##### MATERIAL PROVIDED #####

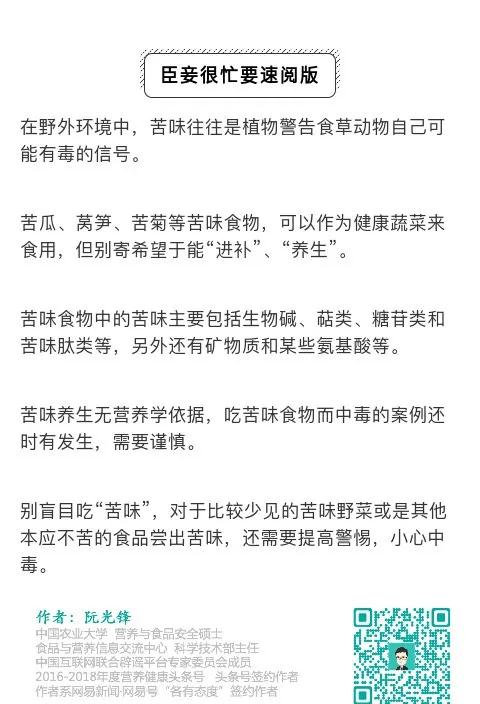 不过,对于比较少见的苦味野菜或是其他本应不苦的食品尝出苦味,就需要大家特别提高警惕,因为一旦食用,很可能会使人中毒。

#####
##### MATERIAL PROVIDED #####

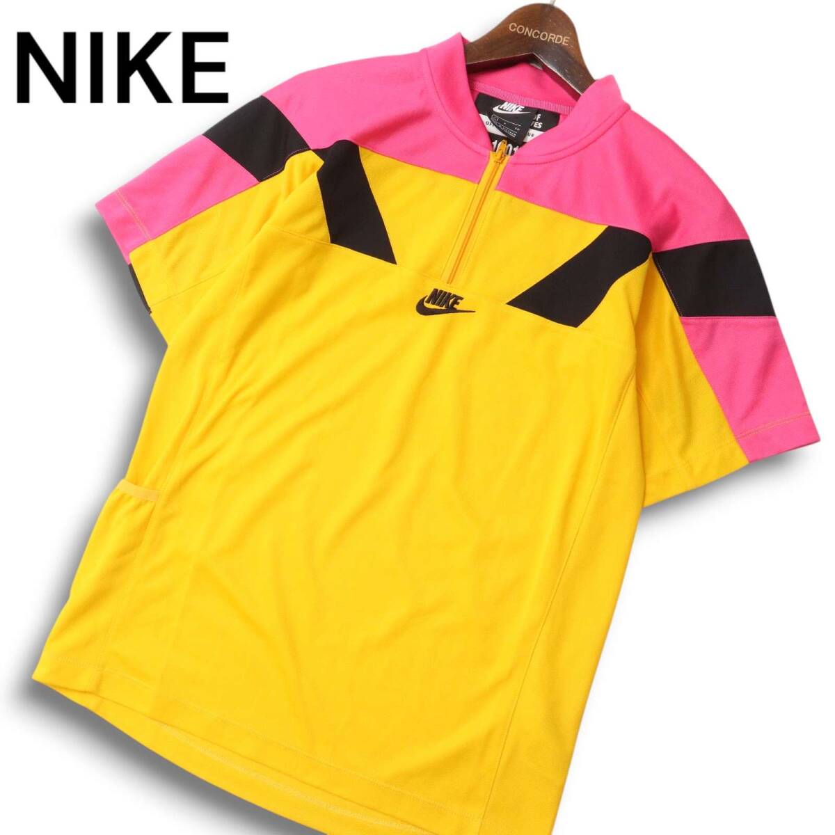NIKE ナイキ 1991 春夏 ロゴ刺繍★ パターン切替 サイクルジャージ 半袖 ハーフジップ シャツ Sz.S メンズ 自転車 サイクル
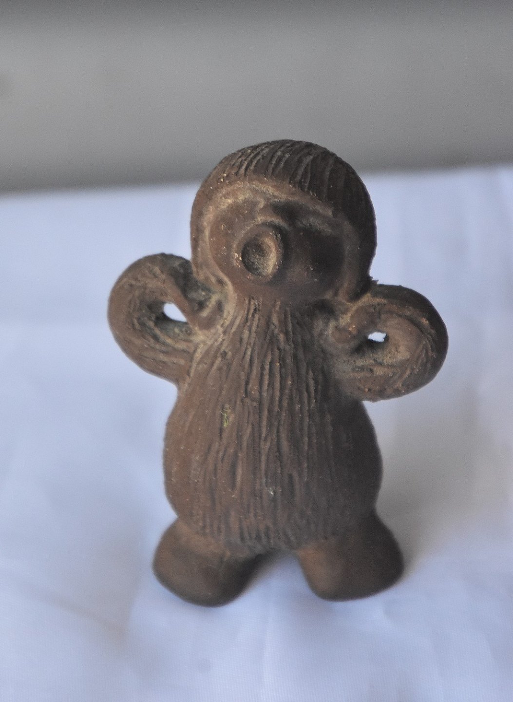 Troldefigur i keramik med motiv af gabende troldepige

#####
##### MATERIAL PROVIDED #####

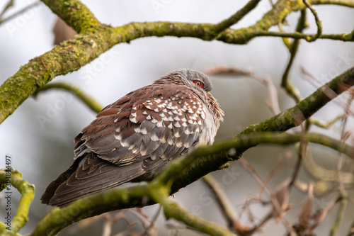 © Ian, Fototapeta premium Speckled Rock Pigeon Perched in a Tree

#####

> [PROMPT]: Each line between the one holding "NIKE ナイキ 1991" and the one holding "Troldefigur i keramik", inclusive, should be copied exactly as it appears above, and pictures should be omitted.

> [EXERCISE ANSWER]:
NIKE ナイキ 1991 春夏 ロゴ刺繍★ パターン切替 サイクルジャージ 半袖 ハーフジップ シャツ Sz.S メンズ 自転車 サイクル
 Troldefigur i keramik med motiv af gabende troldepige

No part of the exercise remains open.